Overall, researchers found that working mothers experience about 29 hours of mental labor — the thoughts and concerns that can impair performance — each week, compared with just 24 hours a week for working fathers. Of that time, they each spent 30 percent thinking about family matters.

Offer said she thinks societal expectations push mothers to assume the role of household managers and lead them to disproportionately address the less pleasant aspects of family care.

"I believe that what makes this type of mental labor an overall negative and stressful experience for mothers only is that they are the ones judged and held accountable for family-related matters," she said.

Researchers also found that while dads spent a greater percentage of their mental labor time thinking about work-related matters than mothers, thoughts and concerns about work were less likely to spillover outside the office among fathers. One-quarter of the time fathers engaged in job-specific mental labor, they did so in nonwork contexts, compared with 34 percent among mothers.

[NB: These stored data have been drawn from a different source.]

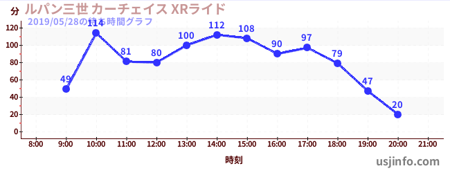 • ルパン三世 カーチェイス XRライド$B$N(B2019年05月28日の待ち時間
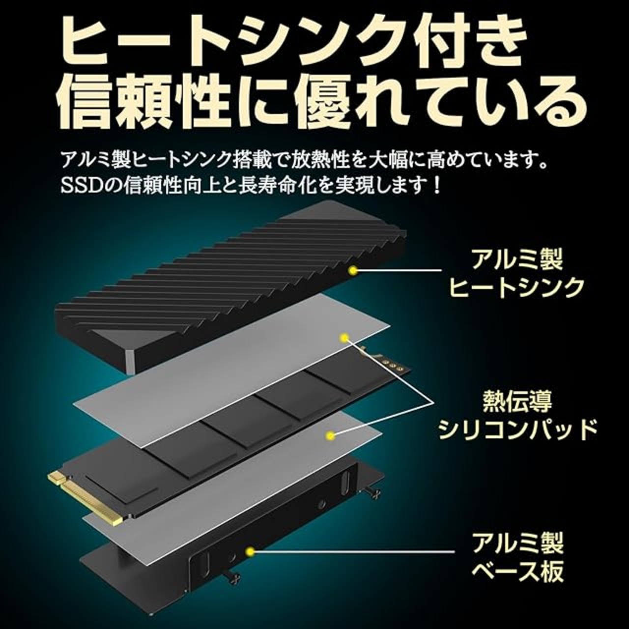 高性能ゲーミングパソコンやPS5/新型PS5向け;アルミ製ヒートシンク搭載で放熱性を大幅に高めています。PS5の限られたスペースでも、効率良く放熱を促し、ゲームソフトの強制終了や転送速度の低下を防ぎます。
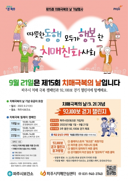 또한 치매극복의 날 기념 모바일과 연계된 9만2,100보 걷기 챌린지도 함께 진행된다.
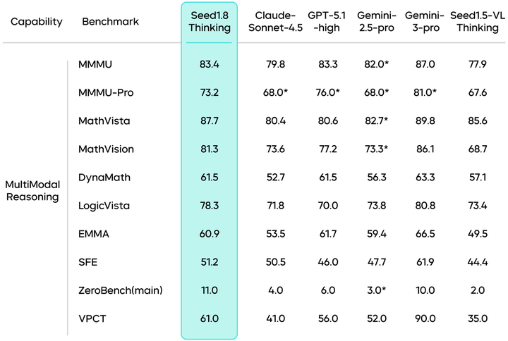 基准测试结果显示,Seed1.8 在多个视觉语言基准测试中表现突出,不仅在多模态推理任务中超越了前代模型 Seed1.5-VL,在大部分任务上的表现甚至已经开始「贴脸开大」,直逼目前最顶尖的 Gemini-3-Pro。
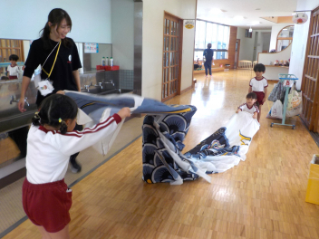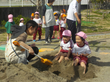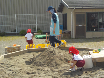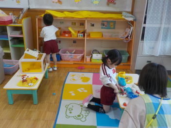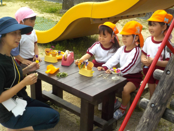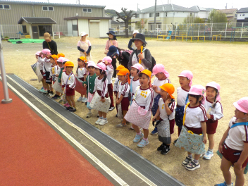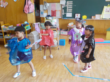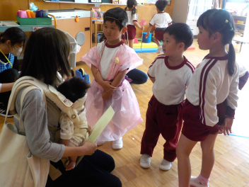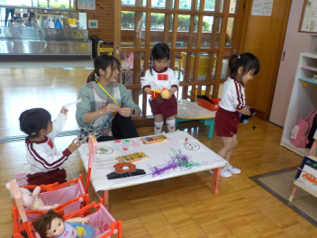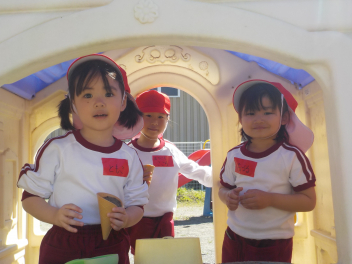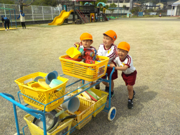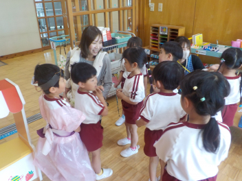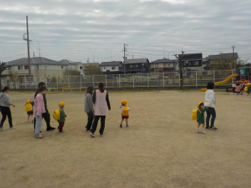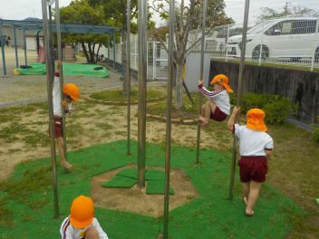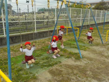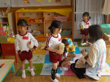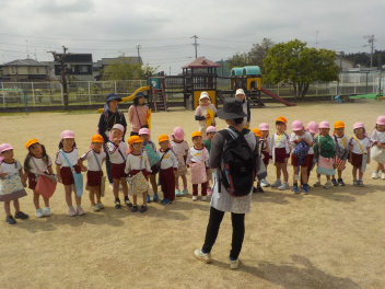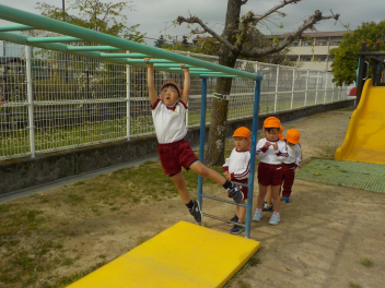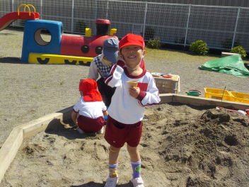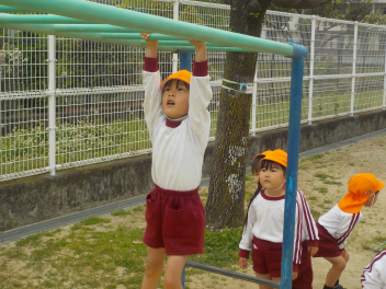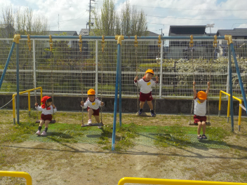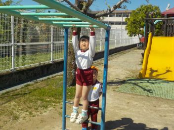 身支度を終えた子どもたちは、お日様がいっぱいの園庭に出て、思い思いの遊びをしていました。チョウチョとつかまえた子、春探しをする子、ダンゴムシをみつけた子、砂遊びをする子、お店屋さんごっこをする子、ブランコ・雲梯・鉄棒にチャレンジする子などなど、遊びの種類が増えました。お部屋の中でも、遊びが広がっていて、早速、変身遊びが始まりました。給食も美味しくいただきました。明日は金曜日。子ども先生たちも、疲れが出てきていますが、あとひと頑張りです。明日も待ってまーすcheeky
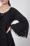 Featuring a black eyelet tiered dress in cotton base with tie-up neckline and tassels.
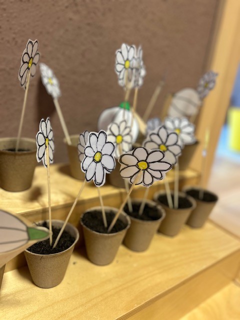 Wir gestalten im Atelier Schmetterlinge und Blumen, malen und werkeln, bekleben die Ostereier und verkürzen damit die Zeit bis der Osterhase kommt. Noch haben wir ihn aber nicht gefunden. Hast du ihn gesehen?
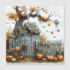 Haunt de récolte - Où les Citrouilles brillent et les fantômes dérivent Carte magnétique d'Halloween Une vieille maison en bois est patinée et attentive, entourée d'une clôture cassée de piquetage enchevêtrée dans des toiles de cobwebs. Des lanternes crêpes brillantes perchent au sol et pendent de branches d’automne, leurs visages sculptés scintillent de désordre. Des figurines grasses s'échappent des arbres, et des chauves-souris traversent le ciel sombre. Les fûts et les paniers débordent de citrouilles et de reliques de récolte, tandis que les feuilles oranges se dispersent comme des chuchotements de saison. La scène mêle charme rustique et enchantement spectral, capturant la tranquillité d’Halloween dans un moment de décadence festive.
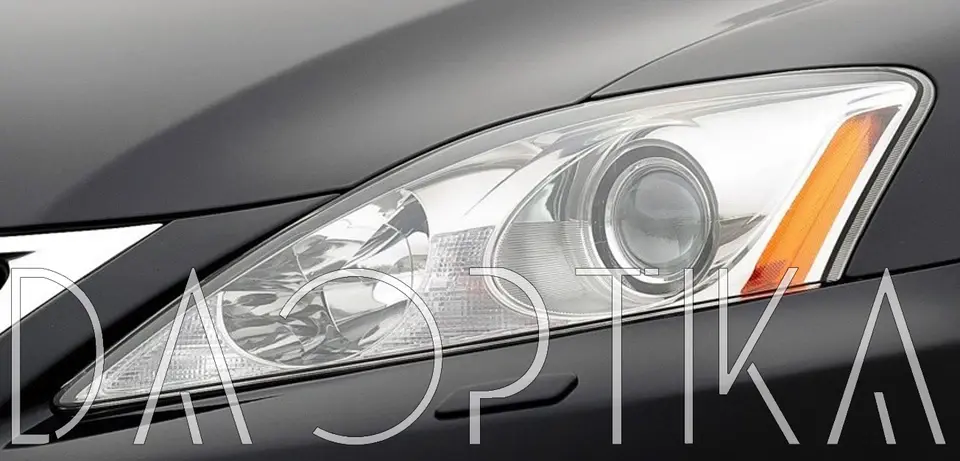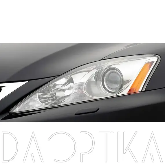 Стекло левой фары из оптического поликарбоната с защитным лаком для замены оригинального стекола фары на Lexus IS 2005-2010 XE20

Since moms are the traditionally the ones who adjust their work schedule to meet family demands, they also feel extra stress of how they're performing as an employee, Offer said.

"Mothers may feel that they do not devote enough time to their job and have to 'catch up,' and, as a result, they are easily preoccupied with job-related matters outside the workplace," she said. "This illustrates the double burden — the pressure to be 'good' mothers and 'good' workers — that working moms experience."

Offer said she was surprised by the relatively low level of work-related spillover for fathers. She thought that in an organizational culture that requires workers to be accessible and available 24/7 no matter where they are, highly educated fathers holding professional and managerial positions would often be preoccupied with job matters when doing things such as housework or during their free time.

"It appears, however, that fathers are quite adept at leaving their work concerns behind and are better able to draw boundaries between work and home," Offer said. "I believe that fathers can afford to do that because someone else, namely their spouse, assumes the major responsibility for the household and child care."

The study suggests that fathers need to take a greater role in family care to make mental labor less stressful for working mothers and ease the double burden that they experience, the researchers suggest.

"It is true that fathers today are more involved in childrearing and do more housework than in previous generations, but the major responsibility for the domestic realm continues to disproportionately fall on mothers' shoulders," Offer said. "This has to change."

Offer thinks that in order for this change to occur, dads must be encouraged, rather than penalized, for being more active in the domestic sphere.

"This encouragement should take place at the federal, state, and organizational levels by making it possible for fathers, for example, to leave work early, start work late, take time off from work, and take pauses during the work day to deal with family-related matters," she said. "I think that if fathers were able to do this without the fear of being viewed as less committed workers, they would assume greater responsibility at home, which would lead to greater gender equality."